“Ganaï, the Indian singer” bronze, Laoust André-Louis-Adolphe (Douai 1843 – Paris 1924)
Out of stock
Large bronze of an Indian singer called “Ganaï”. He spreads his arms with his sitar in one hand while singing. Signed.
Size: H 79cm – diameter of the base 30 cm
Frensch school. Modelled by Laoust in 1885.
Lit: this model was casted by Thiébaut frères as a fountain subject (H 180cm) and ordered by the French state in 1886 and awarded to the Luxembourg Gardens. In 1904, the bronze was sent to Lamalou-les-Bains. The vast base was enhanced by a frieze in sandstone-ceramics of Sèvres. It would have been melted down during the Second World War.
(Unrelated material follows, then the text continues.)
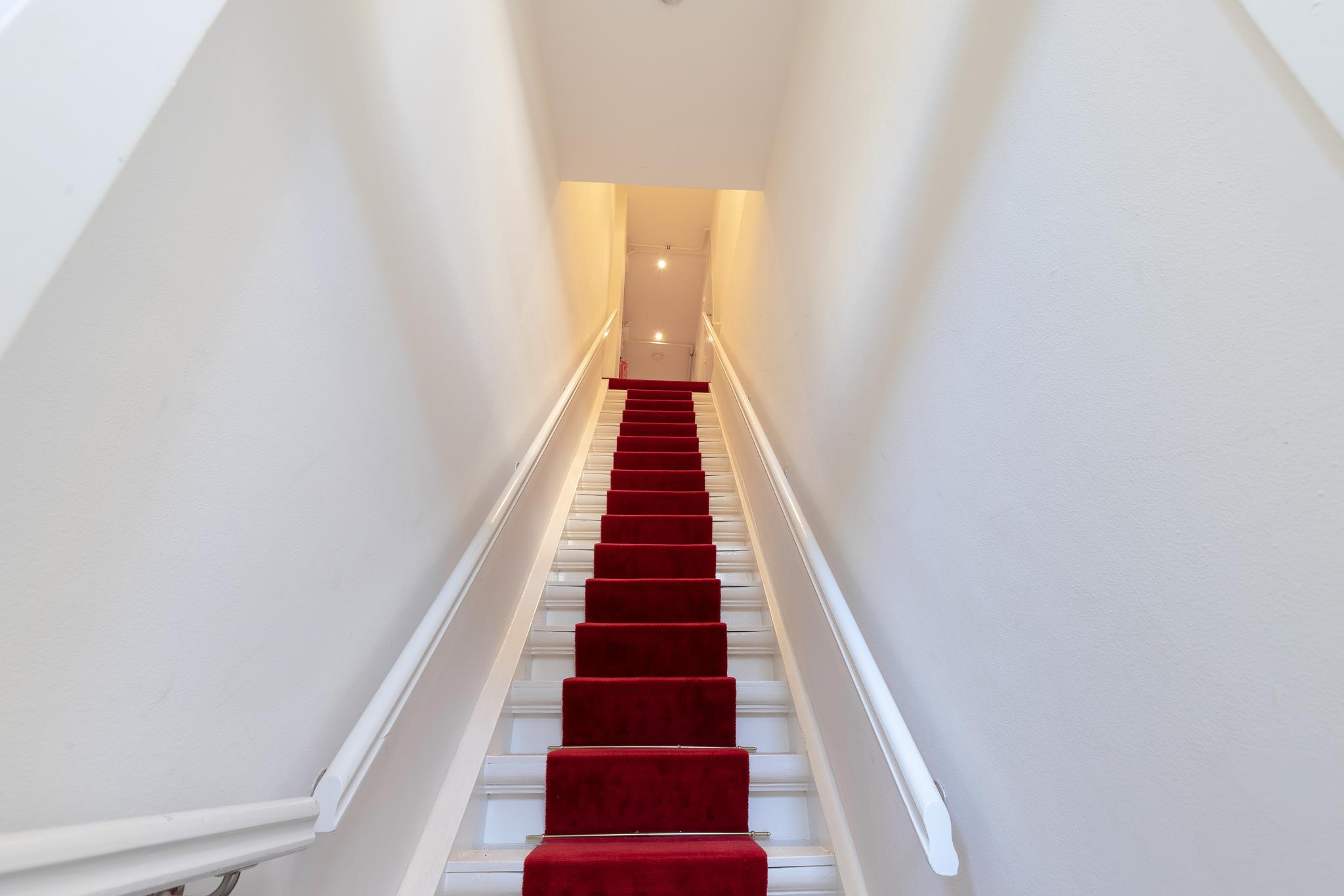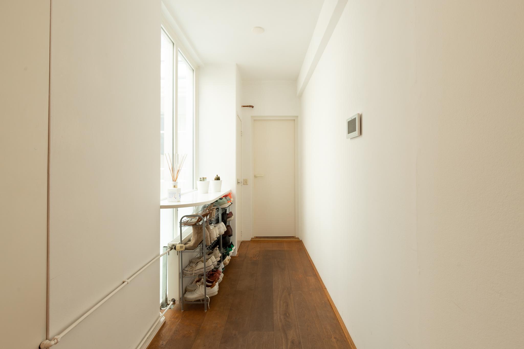 The neat staircase leads to the entrance of the house. Upon entering the long hallway, the kitchen and living room are immediately visible.

André Louis Adolphe Laoust was a French sculptor born on 16 September 1843 in Douai and died on 7 May 1924 in Paris. He was a student of the sculptor François Jouffroy at the École des Beaux-Arts in Paris, André Laoust exhibited at the Salon of 1868 and became a member of the Société des Artistes Français in 1885. With members of his family, he founded the Ateliers Laoust in 1874, which employed several dozen people over several generations. He won a silver medal at the 1889 Universal Exhibition for the Indian Singer of Ganaï. Laoust designed sculptures for the Manufacture de Sèvres between 1891 and 1905. He taught sculpture at the Douai academy from 1892 to 1901. He won a silver medal in modelling at the academic schools competition in 1893.